Why this matters
The 2022-23 RLHF recipe (SFT → reward model → PPO) was the answer for one model generation. Since then: DPO collapsed reward modeling, KTO removed paired preferences, Constitutional AI / RLAIF replaced human feedback with model feedback, and DeepSeek-R1 used pure RL on verifiable rewards. The landscape is now a menu, not a pipeline, and which subset works best at frontier scale is unclear. Picking wrong wastes compute; picking right unlocks 2-10× cheaper alignment.
Current best understanding
(2026-05-05) There’s a rough consensus on the shape:
- SFT on high-quality demonstrations (LIMA showed quality > quantity here).
- Preference learning via DPO or KTO for general helpfulness and harmlessness, often iteratively.
- RLAIF / Constitutional AI to scale preference data beyond what humans can label.
- RL on verifiable rewards (math, code, logic) for reasoning capabilities — the DeepSeek-R1 path.
What’s not settled: whether the stages are sequential, interleaved, or jointly optimized; how much each contributes at frontier scale; how the stages interact (does later RL erase earlier SFT? does RLAIF preserve nuance from human labels?).
Evidence
- training-language-models-to-follow-instructions-with-human-feedback — InstructGPT, the original SFT → RM → PPO recipe.
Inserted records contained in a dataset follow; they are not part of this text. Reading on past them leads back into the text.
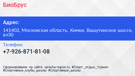 БиоБрус по адресу 141402, Московская область, Химки, Вашутинское шоссе, вл30 в дальнейшем Организация, размещена в следующих категориях:
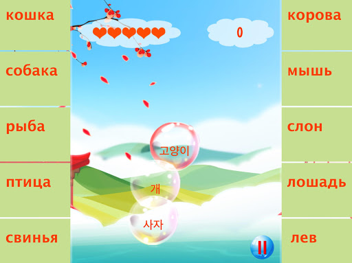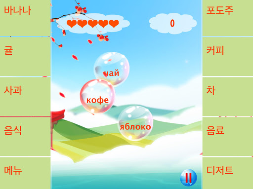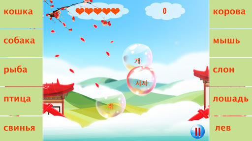 Лопайте пузырьки со словами и фразами на корейском языке и увеличивайте ваш словарный запас. Слушайте произношение слов. Лопайте пузырьки до того, как они улетят.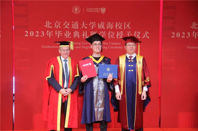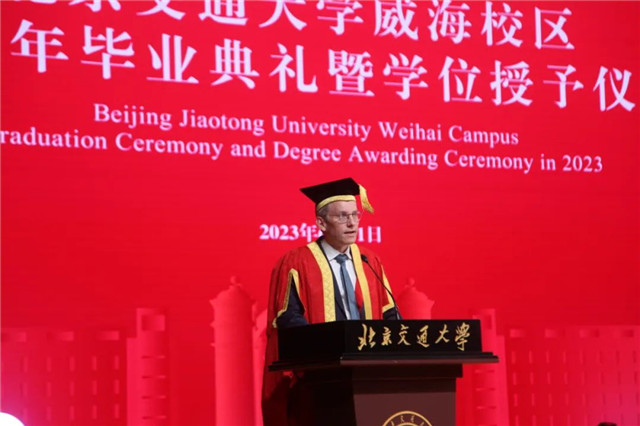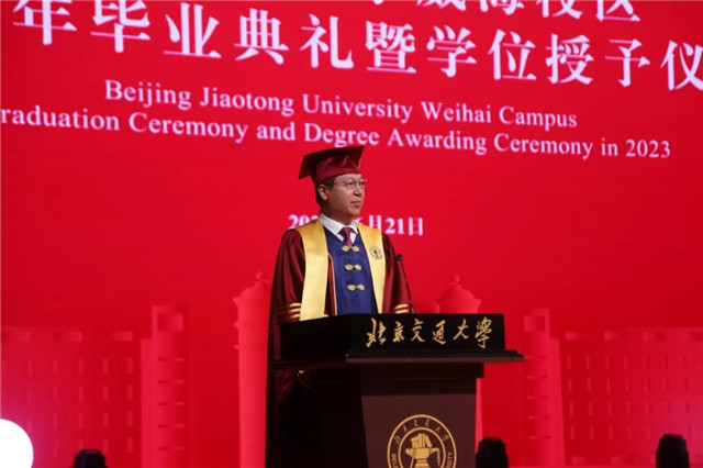 6月21日,北京交通大学威海校区举行2023年毕业典礼暨学位授予仪式。北京交通大学校长余祖俊、美国罗切斯特理工学院校长戴维·曼森、英国兰卡斯特大学校长安迪·斯科菲尔德发表毕业赠言,深情寄语毕业生,并为每一位毕业生逐一拨穗正冠、授予学位证书。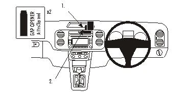 Press both gap openers into the gap between the control panel and the dashboard. Place them about 10 cm apart. Press the lower part of the ProClip into the gap between the gap openers. Pull out the gap openers.

- learning-to-summarize-human-feedback — The pre-InstructGPT precedent showing reward-model + PPO works.
- direct-preference-optimization-your-language-model-is-secretly-a-reward-model — DPO collapses RM + PPO into one supervised step.
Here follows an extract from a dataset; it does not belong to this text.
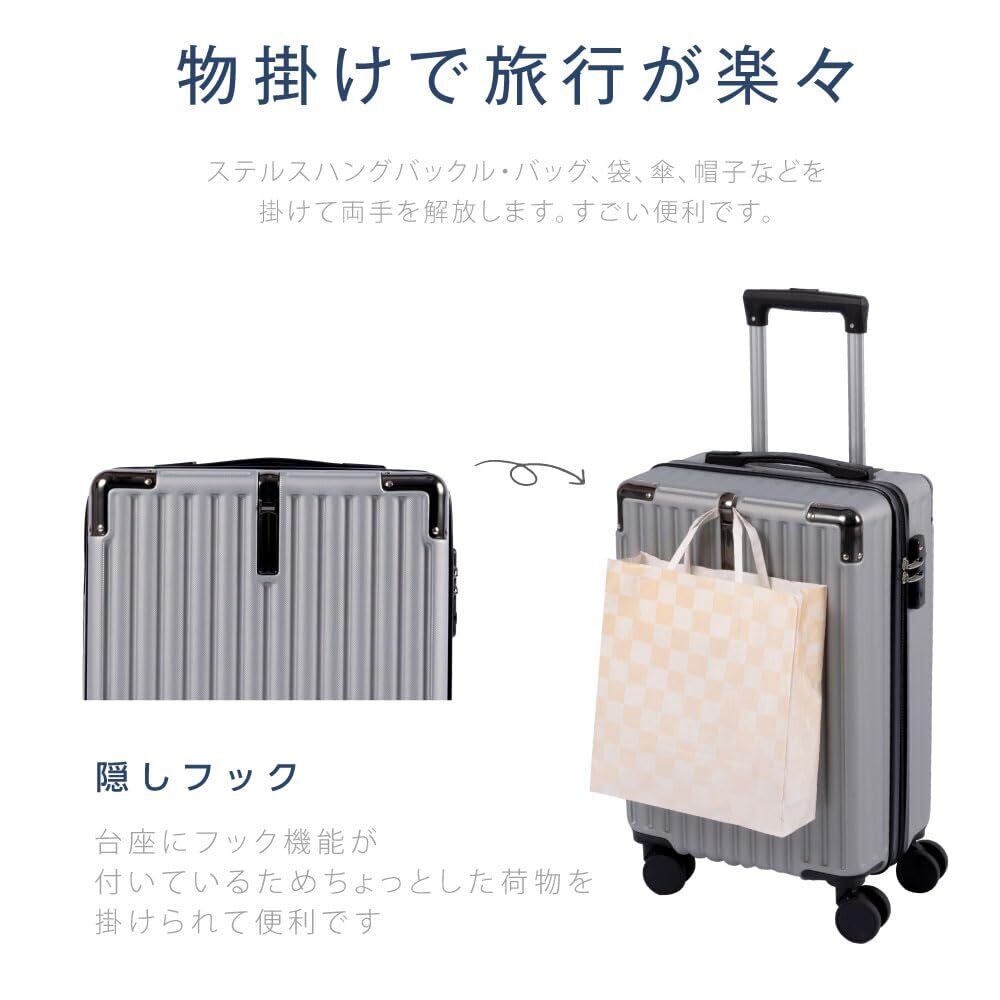[サインキングダム] スーツケース 機内持ち込み Sサイズ 38L キャリーケース キャリーバッグ 超軽量 隠しフック機能 360度回転 耐衝撃 静音 TSAローク搭載 泊まる ファスナー式 ビジネス 修学旅行 海外旅行 国内旅行 小型 出張 sc504 (ホワイト, Sサイズ/機内持込(1-3泊))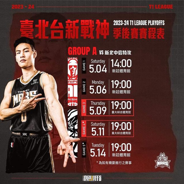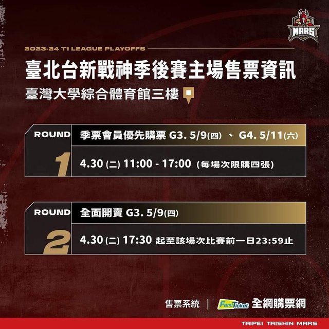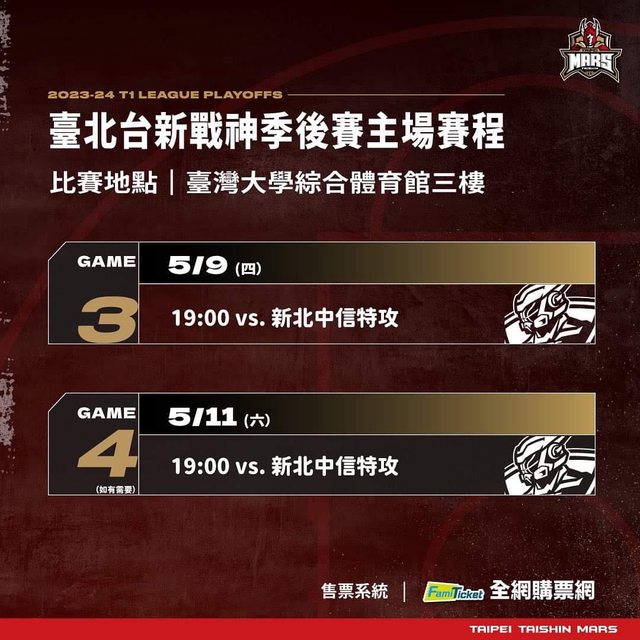 臺北台新戰神季後賽主場賽程| vs 新北中信特攻

- kto-model-alignment-prospect-theoretic-optimization — KTO removes paired-preference requirement.
- constitutional-ai-harmlessness-from-ai-feedback — Constitutional AI / RLAIF: scale preference data with model self-critique.
- lima-less-is-more-for-alignment — Quality dominates quantity in SFT data.
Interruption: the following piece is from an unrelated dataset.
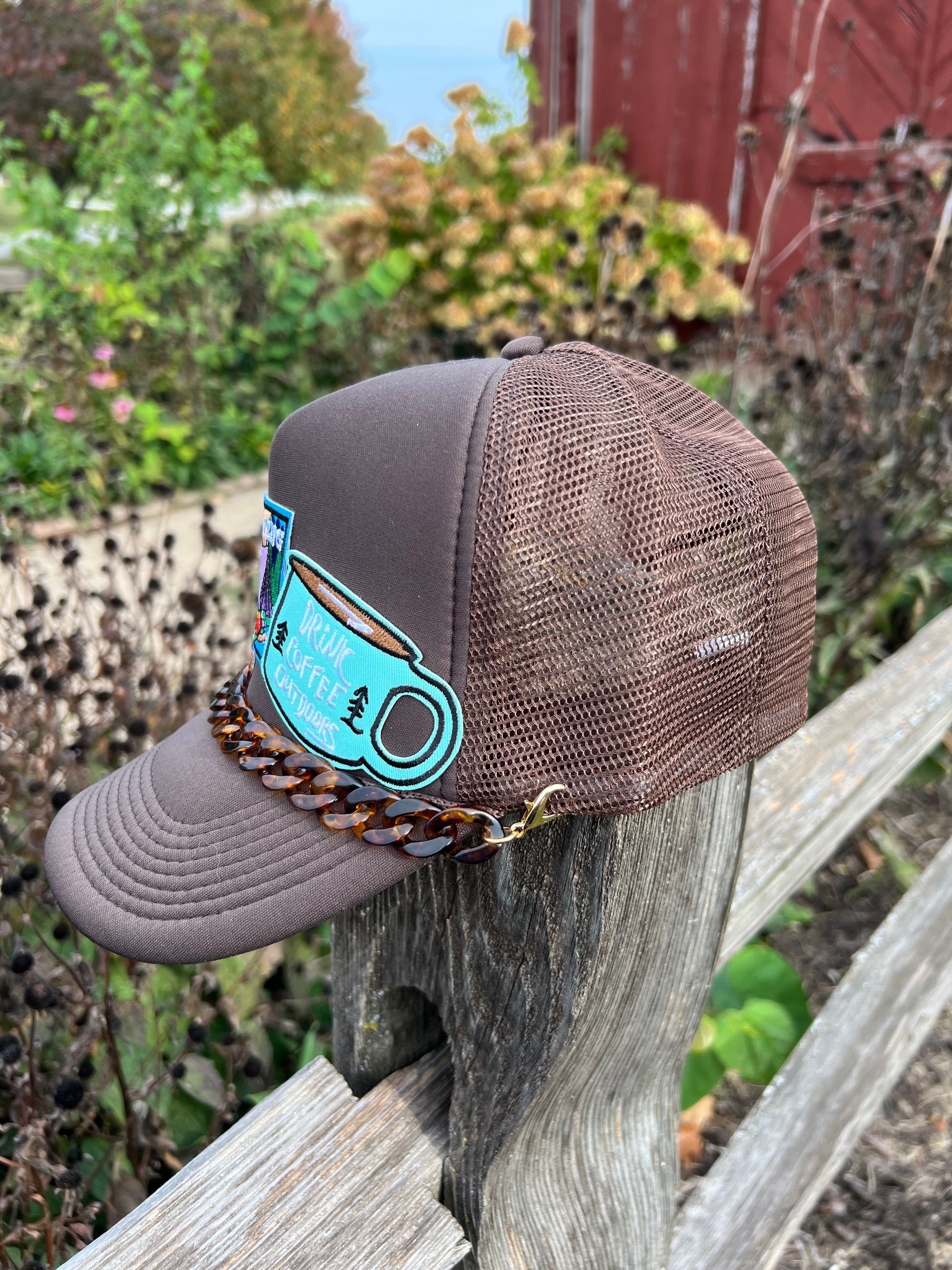 Own your story with this brown trucker hat that refuses to fade into the background. Embroidered patches showcase your devotion to camping, hiking, and coffee— the essentials that fuel your adventures. A tortoise hat chain adds grit and character, while the adjustable back closure ensures it stays locked in place. Elegantly minimal yet undeniably fierce, this hat speaks for those brave enough to live authentically.

- deepseek-r1-reasoning-via-reinforcement-learning — RL on verifiable rewards as a reasoning-specific track.
- [2024] orpo-monolithic-preference-optimization — collapses SFT + preference alignment into one monolithic pass with an odds ratio penalty; no reference model, no separate DPO stage; beats Zephyr-β (SFT+DPO) at 7B.
- [2024] self-rewarding-language-models — removes the frozen reward model ceiling: the LLM scores its own outputs via LLM-as-a-Judge, and both instruction-following and reward-modeling ability improve across 3 iterative DPO rounds. LLaMA 2 70B M₃ reaches 20.44% AlpacaEval 2.0 win rate, beating Claude 2 and Gemini Pro using only ~3,200 seed examples.
What would settle it
- A controlled head-to-head ablation at 70B+: each stage on/off, measuring downstream eval lift per FLOP.
- A frontier lab publishing an end-to-end recipe with rationale (rare — most stop at “we used RLHF”).
- Long-running evals on whether iterative DPO or PPO produces less reward-hacking over many alignment rounds.